The moment you fall...
...Into the System!
And speaking of falsely advertising a Fred Williamson vehicle, here's the trailer as uploaded by HuffTheTalbot
2 comments:
Another great review - and sadly, yes, I want to see this!
Allegedly, the first Jesse (he's one mean Cat!) Crowder film was based on a rejected 'Dirty Harry' script.
Yes! You have nailed this review. And correctly identified the line that could become America's next big catchphrase, or at least a new ad slogan for IHOP.
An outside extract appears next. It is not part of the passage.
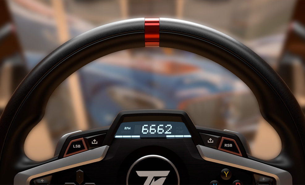 Das T248 bietet eine Auswahl von mehr als 20 verschiedenen Anzeigemöglichkeiten auf dem eingebauten Display: manuelle Anpassung einer Reihe von Einstellungen (Auswahl des Force-Feedback-Typs, des Rotationswinkels des Lenkrads usw.) oder die Auswahl von Telemetrie-Informationen (Übersetzungsverhältnis, Drehzahl, beste Rundenzeit des Spielers usw.) durch den Benutzer.

And yet you have been too kind. Are you related to someone in the film? I have watched this movie several times and based on plot, dialog, acting, music, camera work, editing, etc., etc., it is the worst film I have ever seen. It is a masterpiece of bad. We've had viewing parties where friends to try identify everything that's done wrong--a futile task.
But here are a few:
In the rape scene the actor enters the room where there's clearly no door. The airplane collides with the terminal and then explodes out in the middle of the runway. In the diner scene, they were missing some footage of the dialog and so just used a still of the actor sitting at the table. When the film was shot, the actors said it was a $5 million at stake. In the overdub it was changed to $10 million. The tracking shot of the outdoor training facility is so shaky, it looks like the camera was set in a shopping cart.
Thank you for the background on this. I will print out your post and put it in my Blind Rage VHS case.